Let’s see this new feature with an example: I’m using a GenerateFlowFile and, using the debug mode of my IDE, I’m going to simulate an issue with the thread by adding a break point in the onTrigger() method of the processor.
When the processor is running, we can see the number of threads currently used by the processor (top right). If the number of tasks is not increasing (and equal to 0 after 5 minutes) and the number of threads is constant, it probably means you have a stuck thread. In this case, it is always recommended to do a thread dump of NiFi to see what is going on.
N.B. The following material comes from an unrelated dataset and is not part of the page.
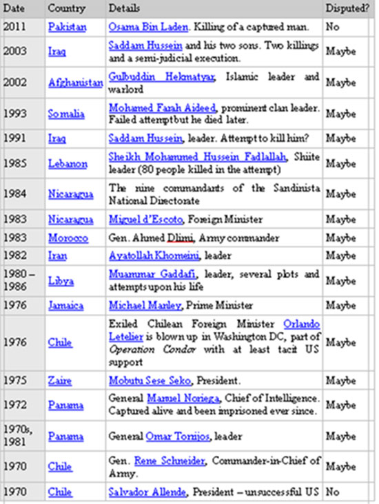 The US has made more than 50 attempts to assassinate political party leaders according to William Blum in his 2003 book Killing Hope: U.S. Military and C.I.A. Interventions since World War II. Noam Chomsky called this book “Far and away the best book on the topic”. Former CIA officer John Stockwell called the same book “The single most useful summary of CIA history.”

To do that:
./bin/nifi.sh dump /tmp/thread-dump.txt
If we look at the content of the generated file and looking for my GenerateFlowFile processor, we can see something like:
"Timer-Driven Process Thread-5" Id=57 RUNNABLE (suspended)
at org.apache.nifi.processors.standard.GenerateFlowFile.onTrigger(GenerateFlowFile.java:210)
at org.apache.nifi.processor.AbstractProcessor.onTrigger(AbstractProcessor.java:27)
at org.apache.nifi.controller.StandardProcessorNode.onTrigger(StandardProcessorNode.java:1165)
at org.apache.nifi.controller.tasks.ConnectableTask.invoke(ConnectableTask.java:203)
at org.apache.nifi.controller.scheduling.TimerDrivenSchedulingAgent$1.run(TimerDrivenSchedulingAgent.java:117)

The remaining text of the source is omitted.